Closed ilyaigpetrov closed 6 years ago

acvetkov commented 7 years ago

@ilyaigpetrov Hi.

Can you give some examples, when you need to override chrome api methods?

ilyaigpetrov commented 7 years ago

Can you give some examples, when you need to override chrome api methods?

  1. Contrived example:
    1. Whenever somebody does chrome.foo.set('bar') you want to also know the date of the last change to foo.
    2. You can't control other extensions that call chrome.foo.set and how they do it.
  2. Real example. chrome.proxy.settings.set may be used to set a PAC script (a script that for each request returns what proxy to use if any). Now imagine that you don't set PAC script yourself, but if somebody sets it you want some modifications to be held. E.g. you want to guarantee that only secure proxies are used, or you want proxies returned by PAC script to work only on httpS sites, or maybe you just want to attach modification date as metadata inside the PAC script (for some reason), etc., etc. You don't want to care who sets PAC script and you don't want to control how they set it, you don't want to create tight coupling between PAC modifier and PAC setter. You just want to guarantee some props of the PAC script being set.
ilyaigpetrov commented 7 years ago

You should separate changes that brings new functionality from infrastructure changes (common refactoring)

Ugh, I have to separate all commits into two groups and also split some commits into two commits. Is it possible in git to make such drastic changes to the history? I think I should repeat all changes step by step manually for this. Do you really want me to do it?

acvetkov commented 7 years ago

Do you really want me to do it?

Nope. I need a little time to think about it.

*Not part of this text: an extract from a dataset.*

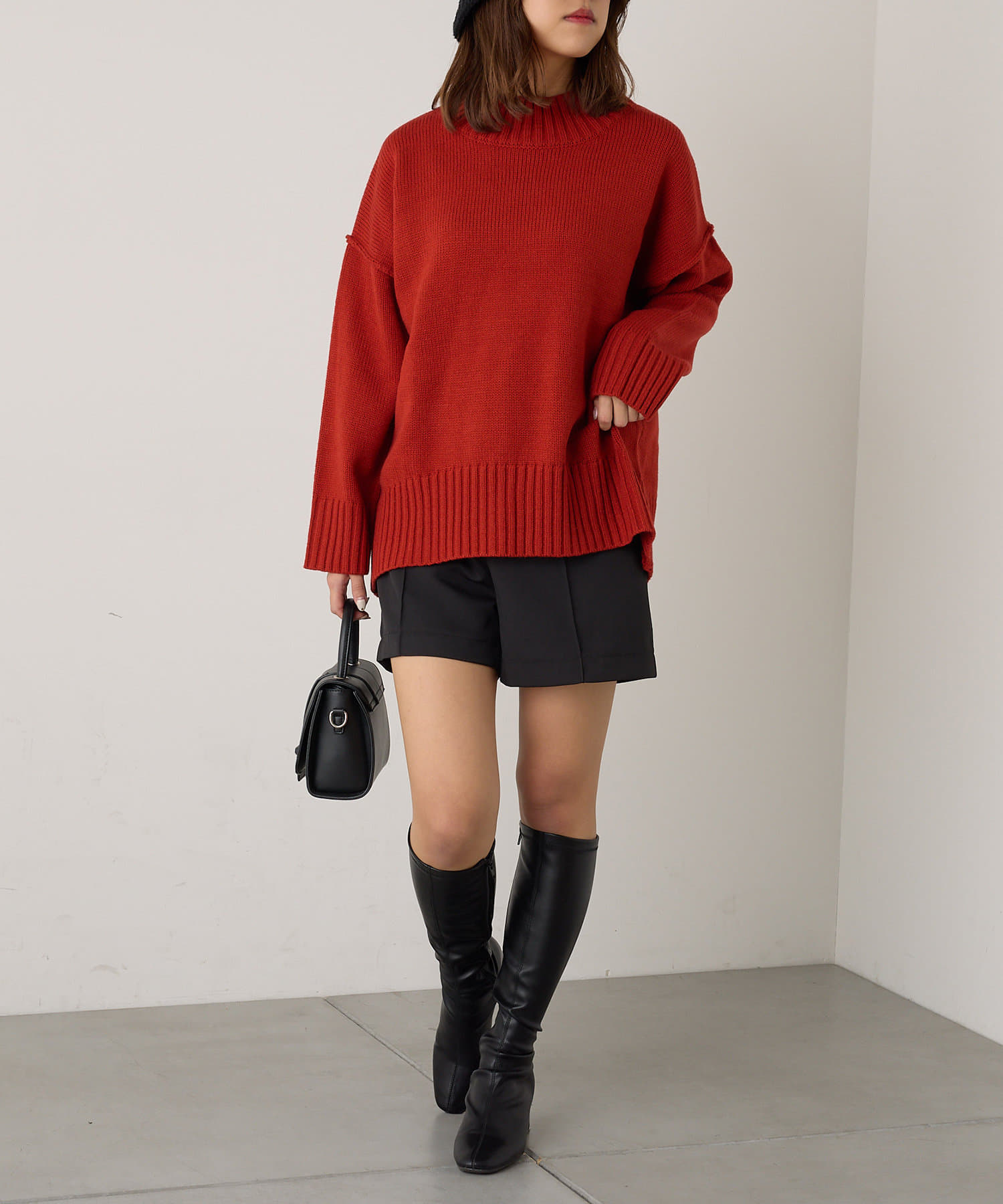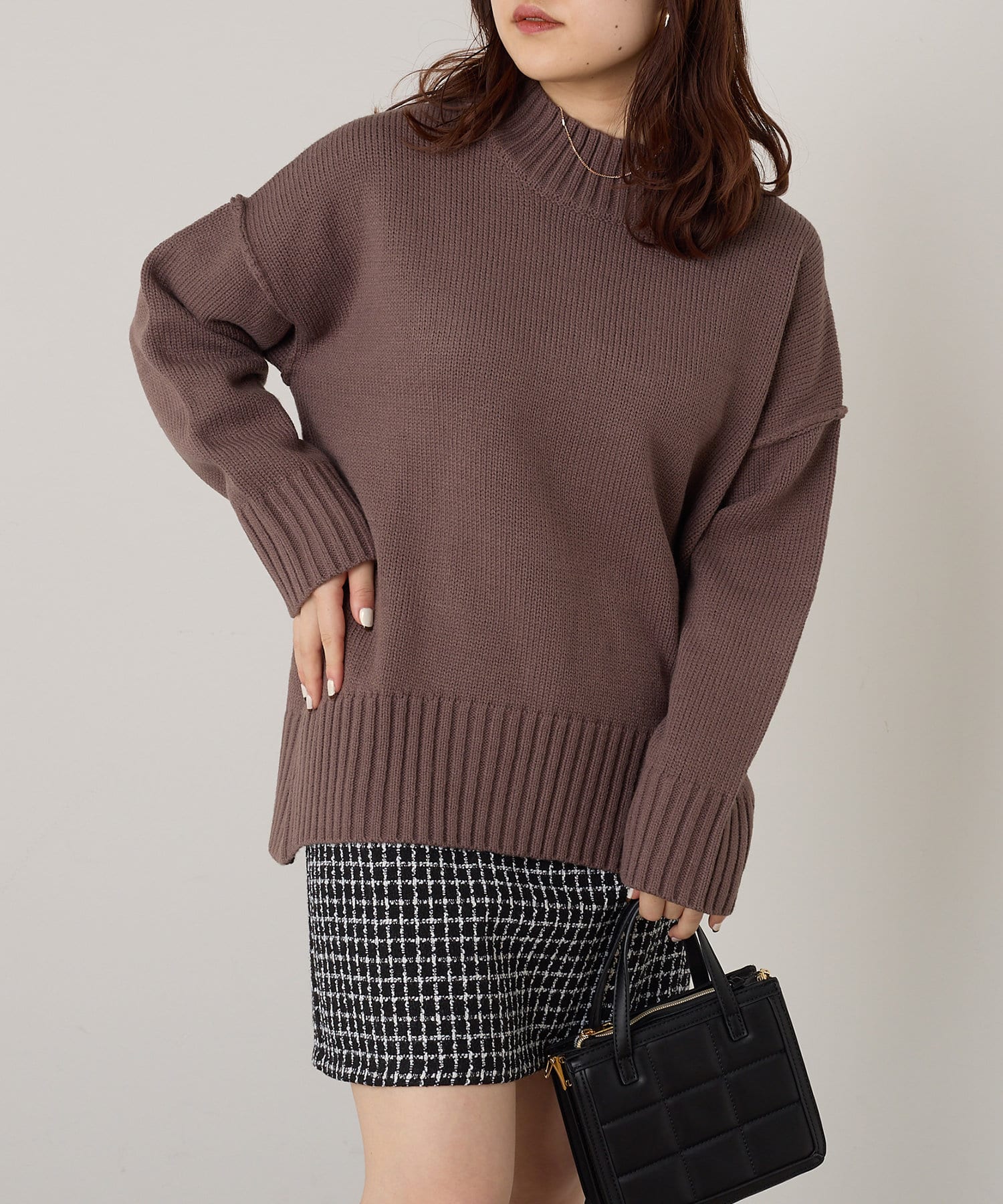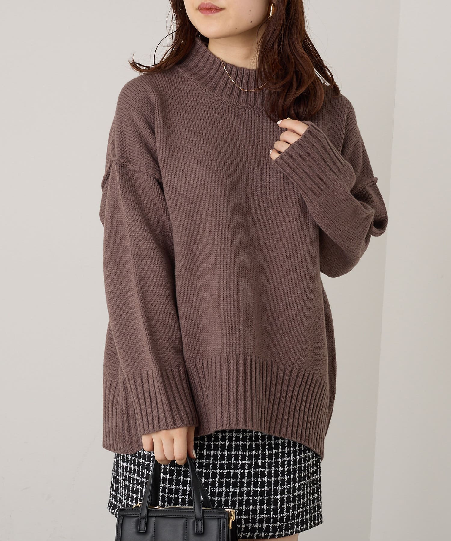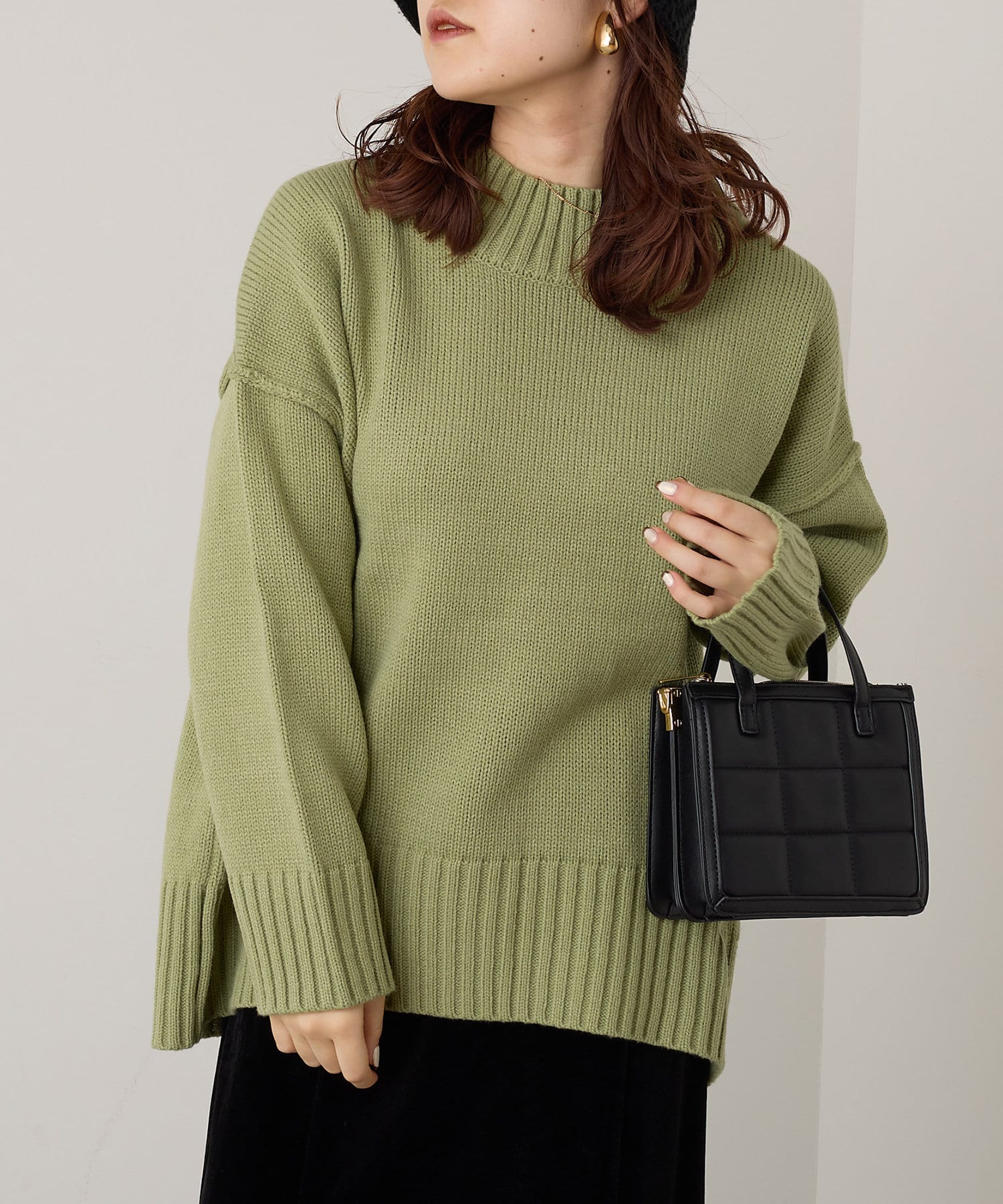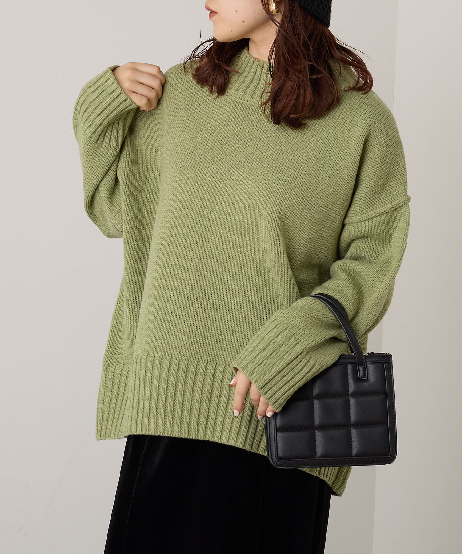 ・ふっくらとしたアクリル素材のニットは、チクチクしない柔らかな肌触りが特長。

acvetkov commented 7 years ago

@vitalets What do you think about?

vitalets commented 7 years ago

hi @ilyaigpetrov

  1. Could you show your test code that requires stubs override?
  2. We should definitely check out sinon 2 - is not it implemented there
ilyaigpetrov commented 7 years ago

Here I want this to work:

Mocha.it('is installed (by modifying `chrome.proxy.settings.set`)', function () {

  const originalSet = chrome.proxy.settings.set;
  CachelessRequire('../35-pac-kitchen-api.js');
  Chai.expect(originalSet.notCalled, 'original set not to be called during install').to.be.true;
  Chai.expect(originalSet, 'settings.set to be modified during install').not.to.be.equal(chrome.proxy.settings.set);

});

In the PR I added tests of stub overrides and they pass.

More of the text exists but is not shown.